- **Directions**:
Beginning with the line that holds "Free Center Reversible", copy each line to the end of the records exactly, except the pictures.

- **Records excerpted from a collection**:
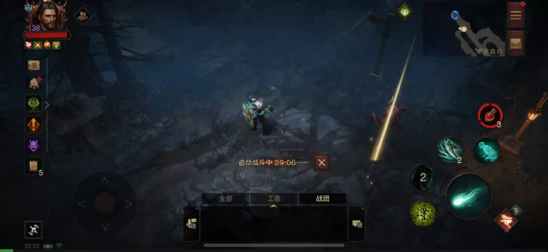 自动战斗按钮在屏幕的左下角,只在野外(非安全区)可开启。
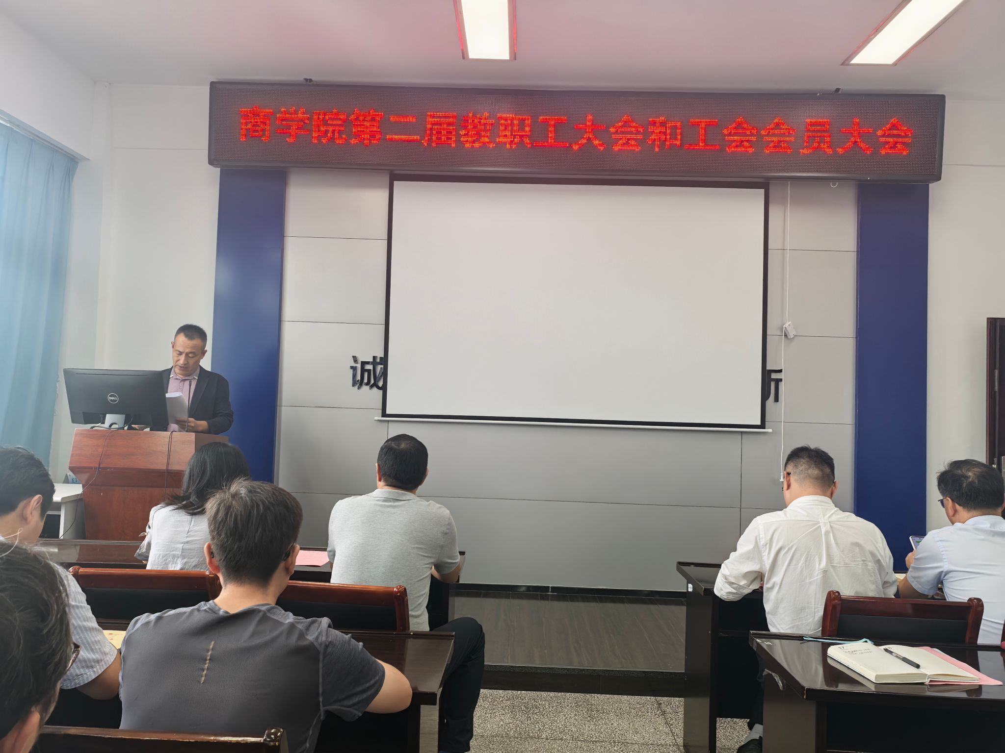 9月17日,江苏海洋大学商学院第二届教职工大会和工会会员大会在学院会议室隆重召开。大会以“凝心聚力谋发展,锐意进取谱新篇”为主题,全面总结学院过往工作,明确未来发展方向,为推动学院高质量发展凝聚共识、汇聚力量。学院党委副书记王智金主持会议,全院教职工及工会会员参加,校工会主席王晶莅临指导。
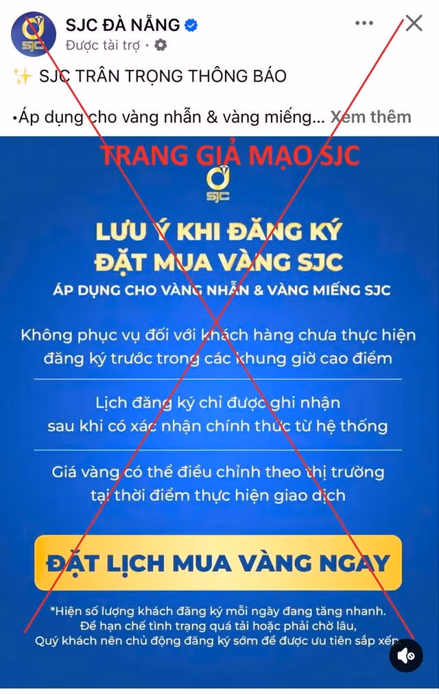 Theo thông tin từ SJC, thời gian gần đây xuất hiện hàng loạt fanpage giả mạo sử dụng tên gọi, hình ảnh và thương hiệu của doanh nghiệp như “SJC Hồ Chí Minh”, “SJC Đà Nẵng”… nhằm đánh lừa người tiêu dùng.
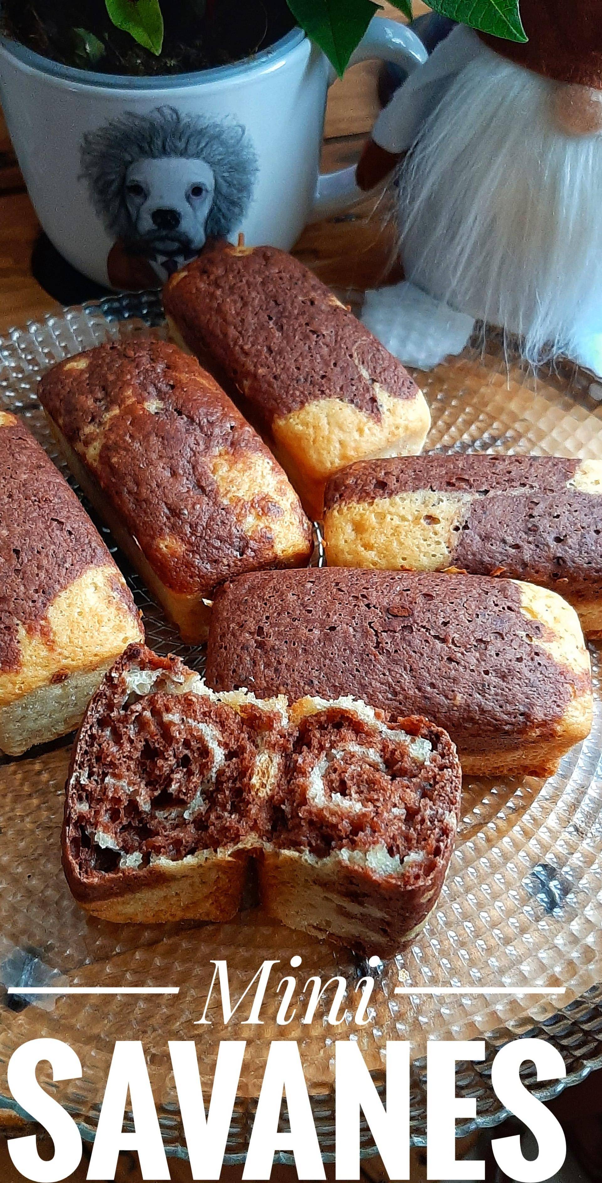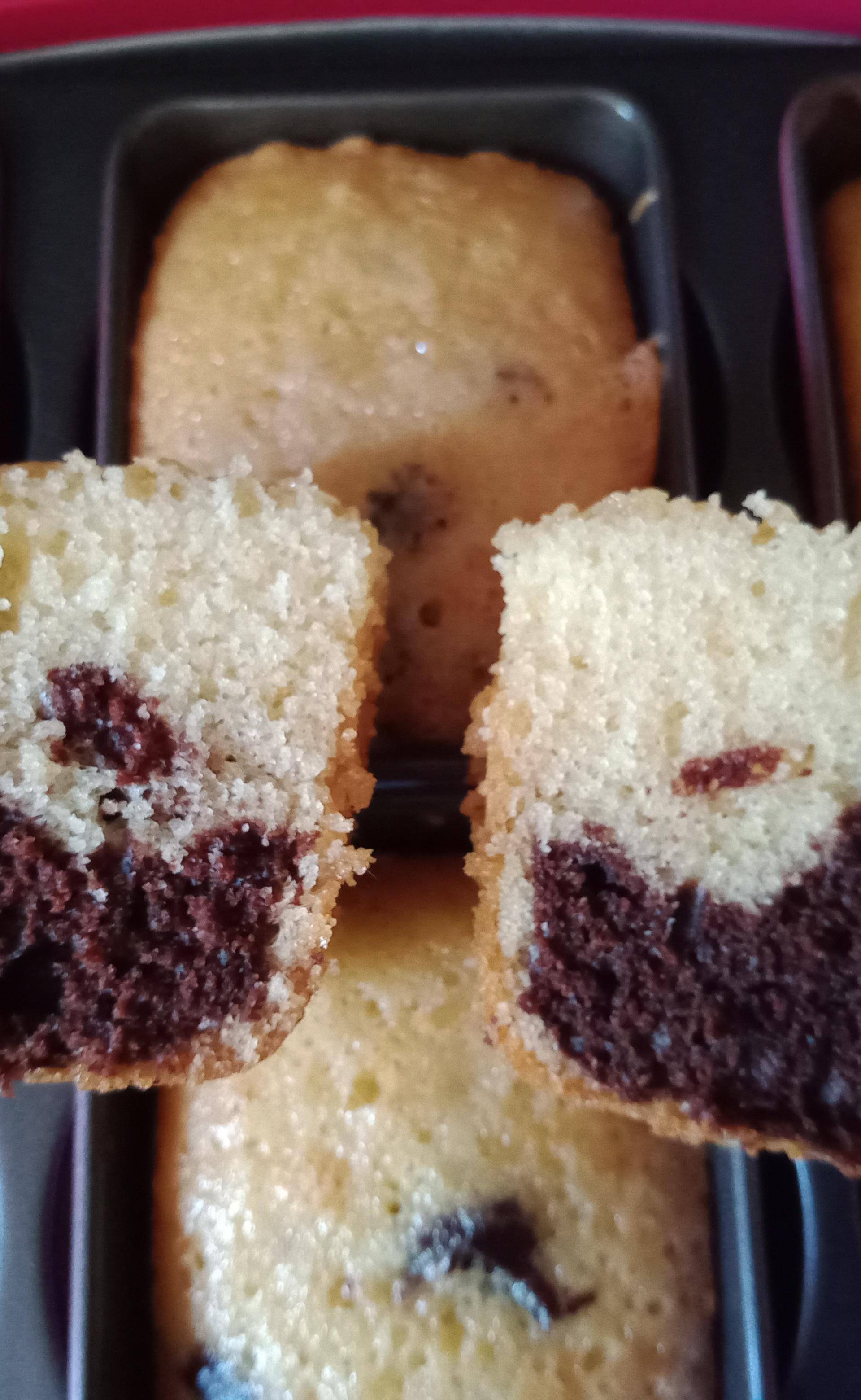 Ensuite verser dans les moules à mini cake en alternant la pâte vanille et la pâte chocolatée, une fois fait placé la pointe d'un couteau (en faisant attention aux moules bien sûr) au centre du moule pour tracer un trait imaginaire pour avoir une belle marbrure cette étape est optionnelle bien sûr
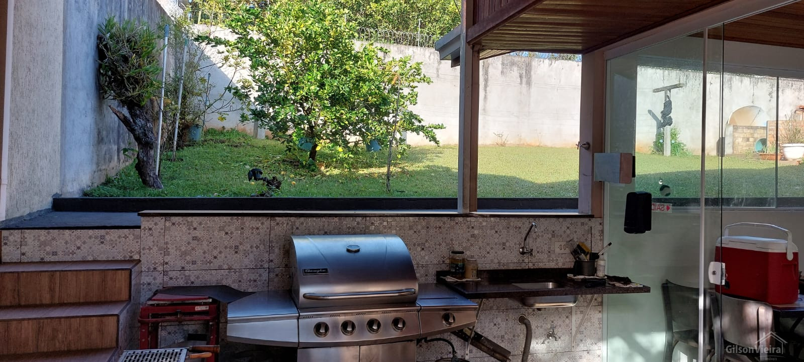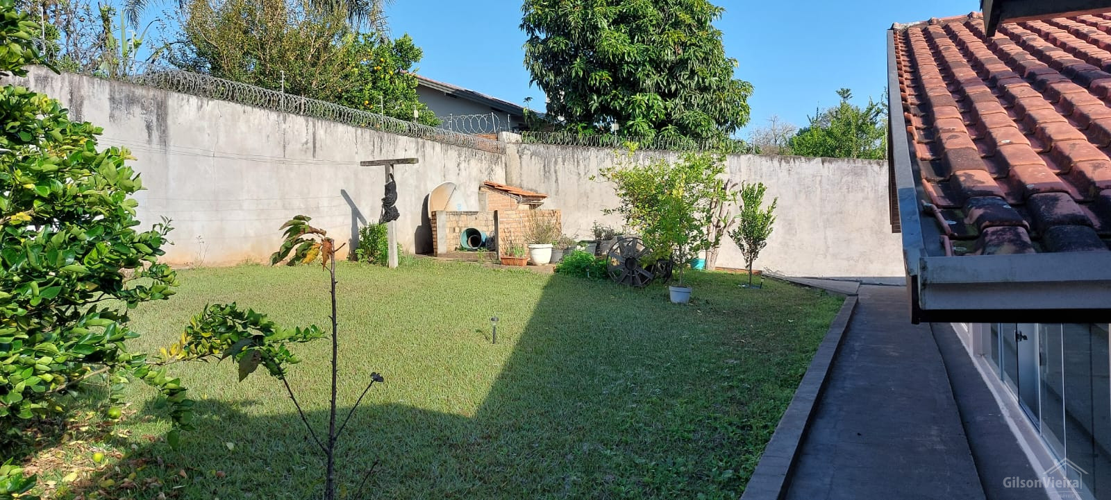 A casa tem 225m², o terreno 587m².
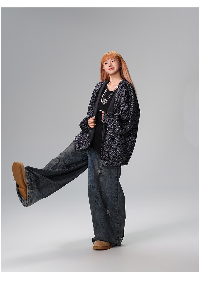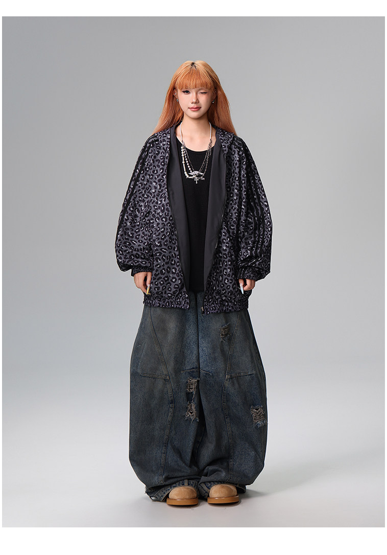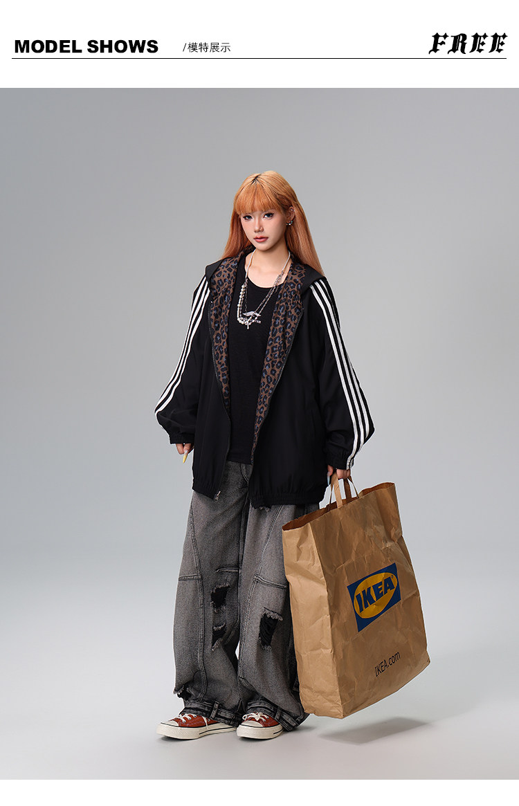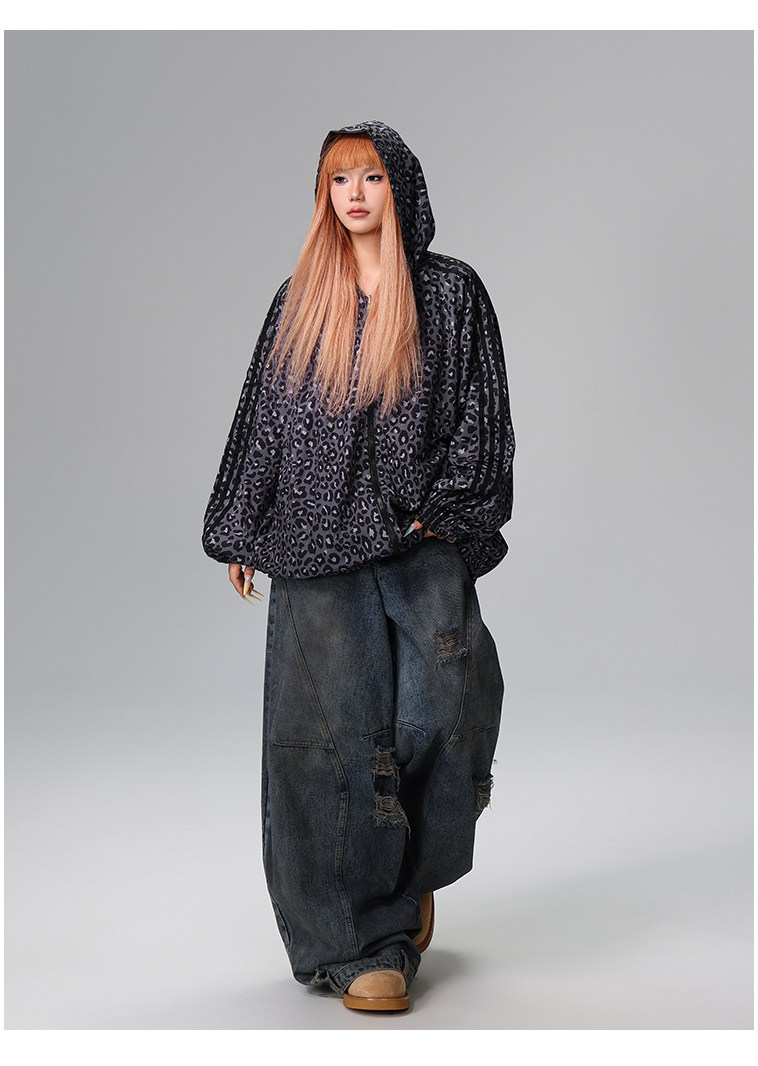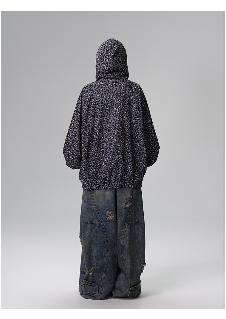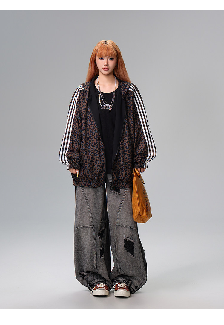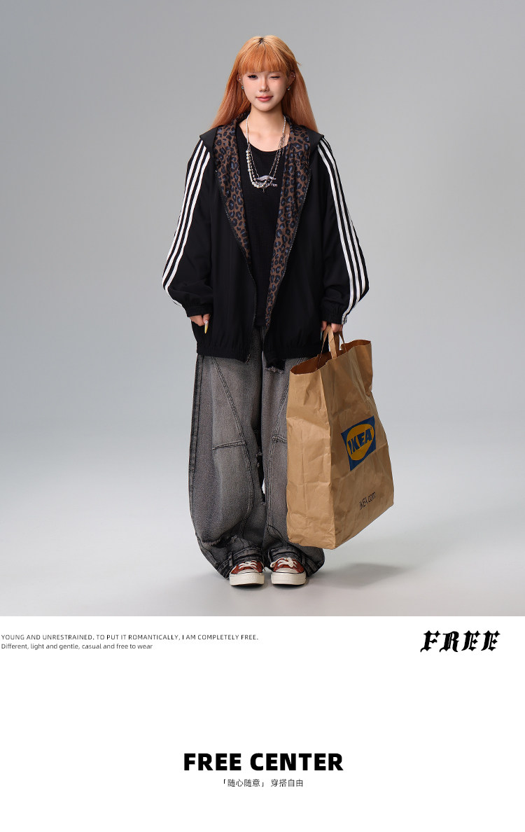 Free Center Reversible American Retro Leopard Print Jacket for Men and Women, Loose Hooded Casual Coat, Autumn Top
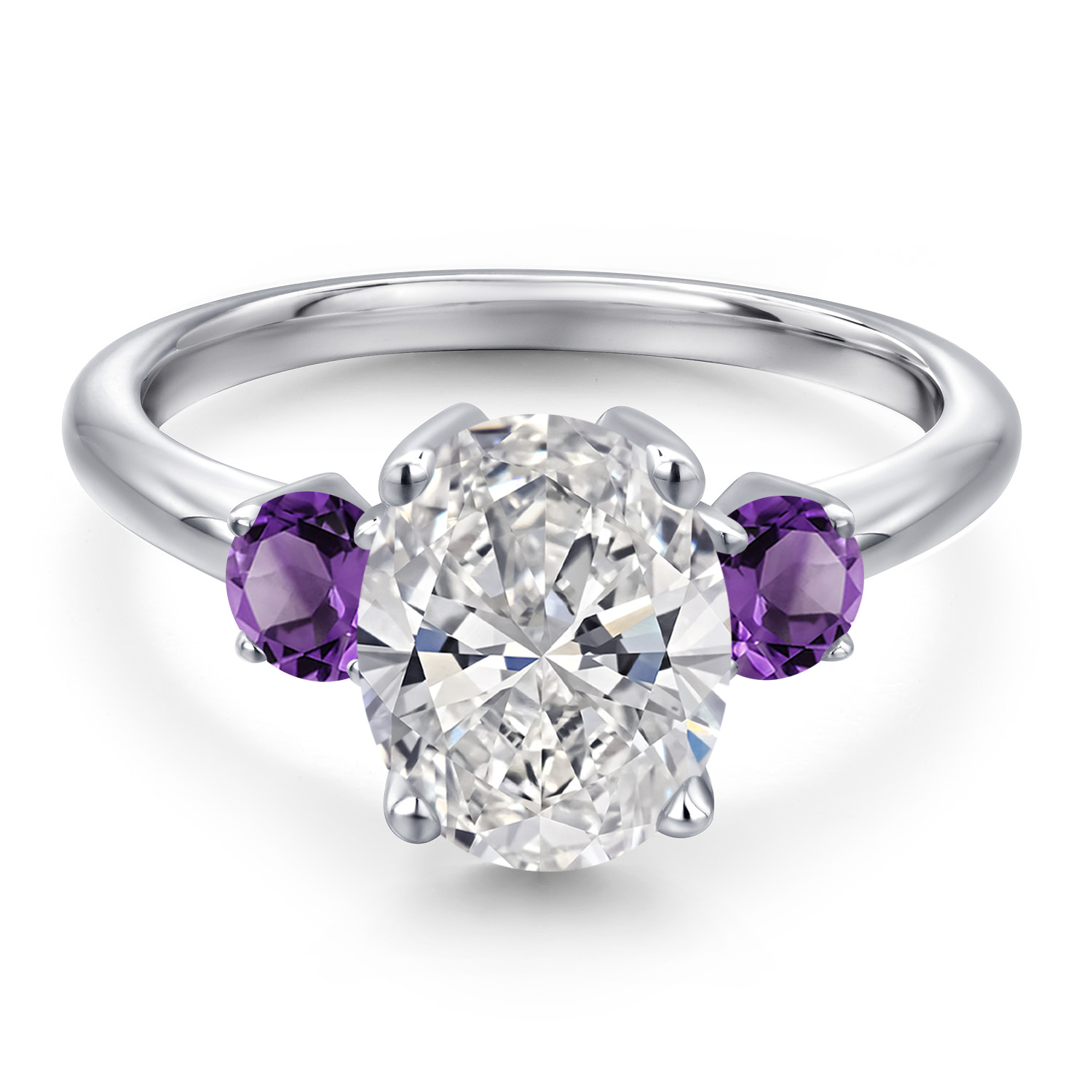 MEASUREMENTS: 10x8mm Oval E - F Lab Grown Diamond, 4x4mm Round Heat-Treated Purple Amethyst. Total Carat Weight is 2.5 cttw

- **Exercise answer**:
 Free Center Reversible American Retro Leopard Print Jacket for Men and Women, Loose Hooded Casual Coat, Autumn Top
 MEASUREMENTS: 10x8mm Oval E - F Lab Grown Diamond, 4x4mm Round Heat-Treated Purple Amethyst. Total Carat Weight is 2.5 cttw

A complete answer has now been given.